Открываем уже открытое
Наш профессор постоянно озадачивал нас. Когда мы восторгались продвижениями детей на втором этапе эксперимента, он вдруг сказал нам:
— Возможностям Ребёнка нет пределов, и вы в этом убедились. Мы будем гнаться за ними, а этому конца не будет. Развивающий педагогический процесс доказывает эту истину. Мотивы, которые мы воспитывали в них, делали детей нашими сотрудниками в их же воспитании и обучении. Всё это хорошо, но должно же быть некое генерирующее условие, которое, с одной стороны, увлечёт Ребёнка, с другой же, поставит его перед необходимостью проявить свои разносторонние, глубоко скрытые возможности…
Он сказал это и вскоре ушёл из жизни.
Спустя годы в одной из книг я вычитал мудрость и восхитился проницательностью нашего профессора — Барнаба Иосифовича Хачапуридзе: «Кто мучается земными вопросами, тот ответа о небесном не получит».
Идея о некоем «генерирующем условии» задела нас. Мы потратили почти четыре года теоретического и экспериментального поиска этого нового для нас фактора. За это время каждый из нас прошёл самые прекрасные и высшие курсы углубления в педагогические проблемы через философию, психологию, историю, антропологию, классическую педагогику. Лично я понял тогда, что загадку не разгадать без Религии.
В поиске чего-то очень важного мы создавали разные исследования и совершенствовали эксперимент.

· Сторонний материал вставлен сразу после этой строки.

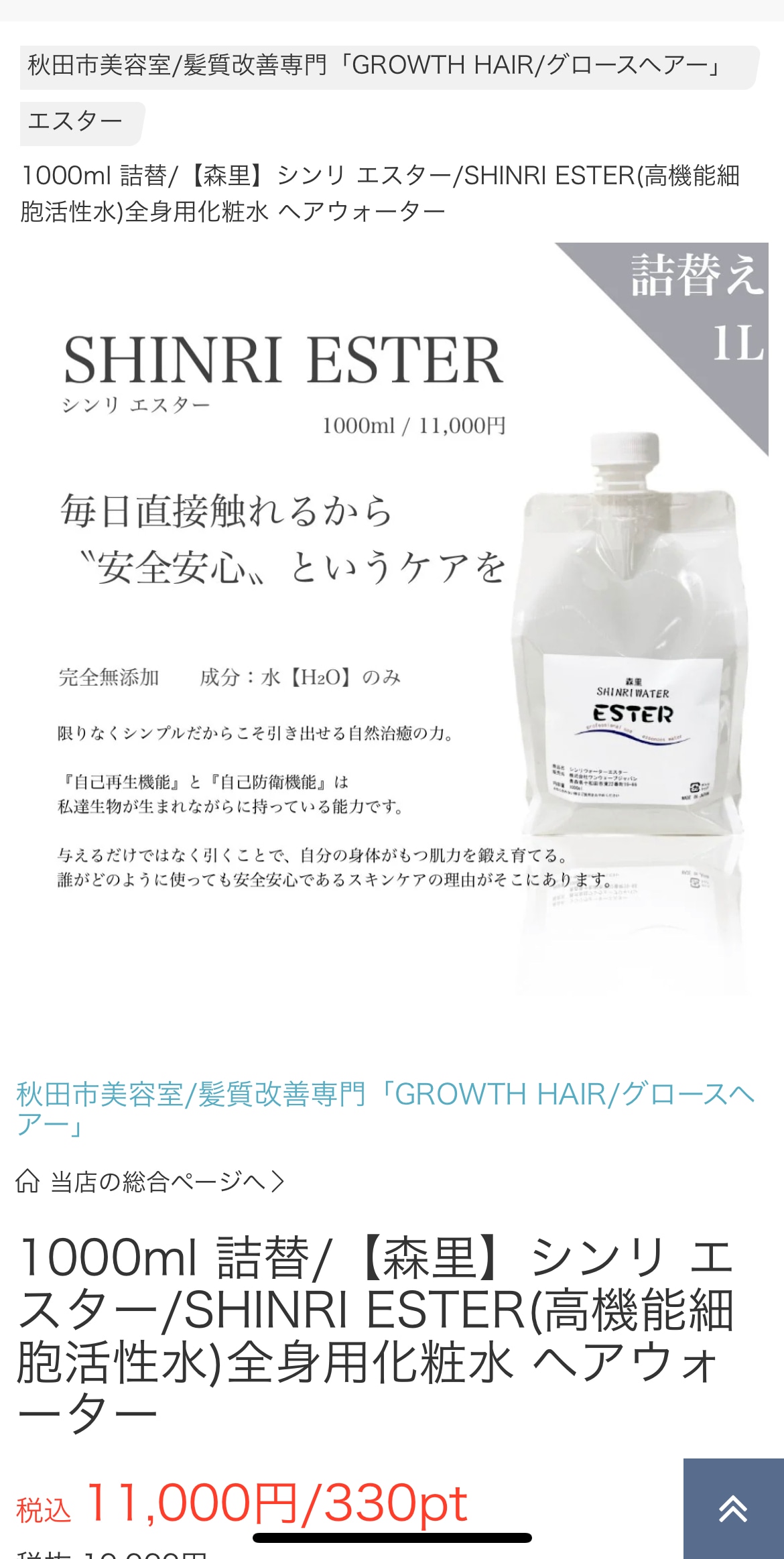エスター1リットルを購入の方に、エスター200mlをプレゼント(ボトルに詰め替えます。)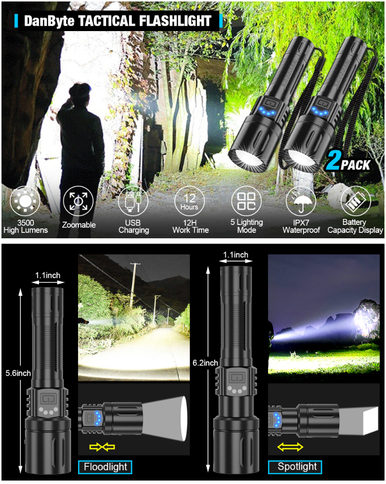 高流明和可调节焦点 ---- 3500 流明(最大)的黑暗破坏能力,能见度高达 3280 英尺。升级后的 XHP50 V2.0 LED,使用寿命达 60,000 小时,比其他原装可充电手电筒亮 10 倍。这款高流明战术手电使用顶部调节灯光直径,可轻松在泛光灯和聚光灯之间切换。
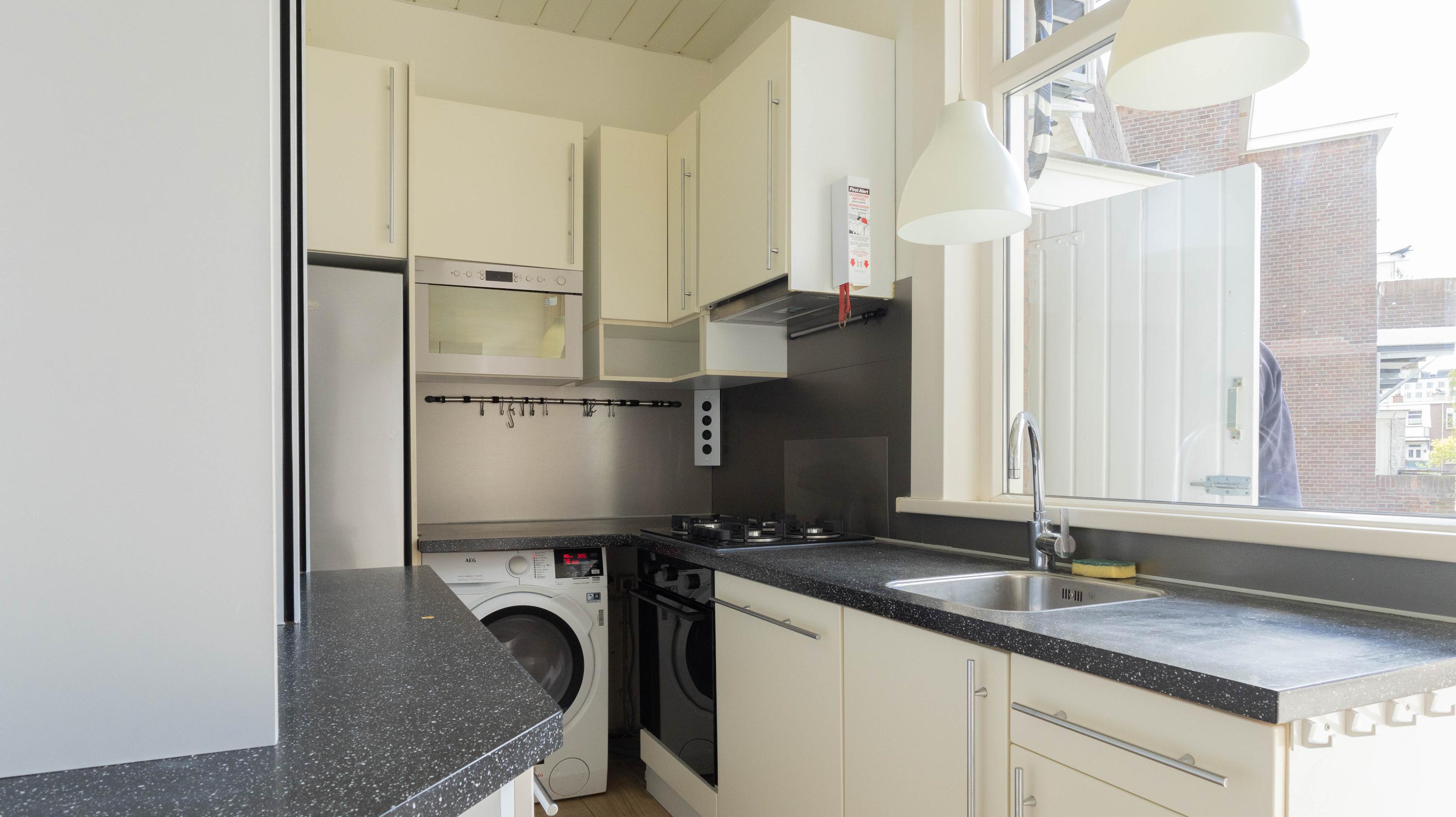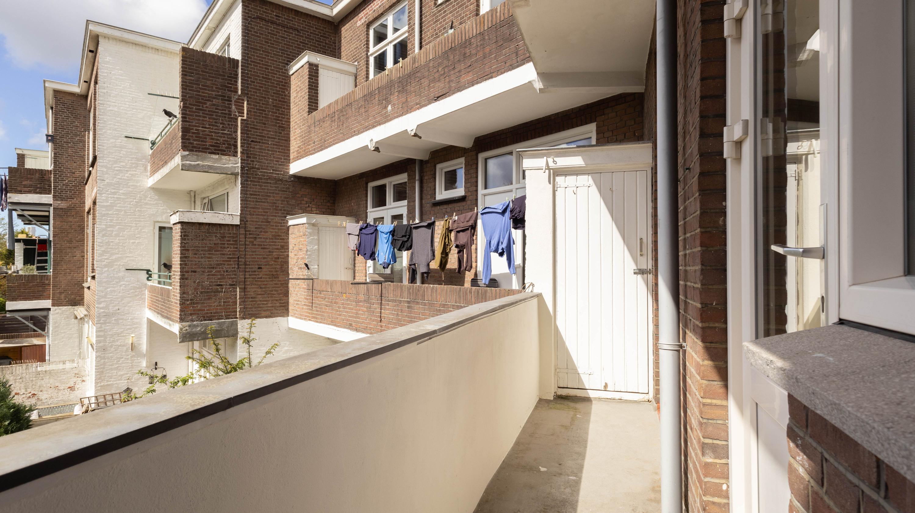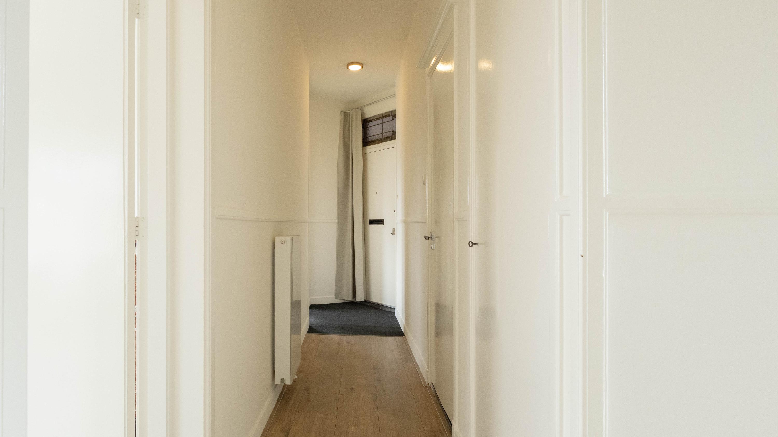 De entree van de woning is bereikbaar via een trap vanaf de straat. Eenmaal binnen komt de woning uit in de centrale hal, die toegang biedt tot alle vertrekken. Vanuit hier zijn de twee ruime slaapkamers, de verzorgde badkamer voorzien van een douche en wastafel met meubel en het separate toilet bereikbaar. De woonkamer is ruim en licht en vormt het hart van de woning. De open keuken is voorzien van diverse inbouwapparatuur, waaronder een kookplaat, afzuigkap, oven, koelkast-vries combinatie en vaatwasser. Vanuit de keuken is het balkon op het zuiden bereikbaar, waar heerlijk van de zon genoten kan worden. De woning beschikt over twee goed bemeten slaapkamers. De hoofdslaapkamer biedt voldoende ruimte voor een tweepersoonsbed en een kledingkast. De tweede slaapkamer is ideaal te gebruiken als werk-, logeer- of kinderkamer.

Наконец, мы открыли эту тайну, но она оказалась вовсе не тайной, но хорошо забытой старой истиной. Тайна умещается в одно прекрасное слово — Жизнь.
Перед нами засияла мысль Константина Дмитриевича Ушинского:
«…Не нужно забывать, что дитя не только готовится к жизни, но уже живёт; а это очень часто забывается как родителями, так и посторонними воспитателями и школой, а эта забытая, непризнанная жизнь Ребёнка напоминает о себе теми прискорбными извращениями в характере и наклонностях, о которых воспитатель не знает, откуда они взялись, так как он сеял, кажется, только одно хорошее; но эти слабые семена заглохли, подавляемые роскошным ростом других растений, которые сеяла жизнь и жадно воспринимала душа дитяти, подобная сильной и богатой почве, которая, если ей не дадут возможности произвести пшеницу, будет производить бурьян, — но непременно будет производить».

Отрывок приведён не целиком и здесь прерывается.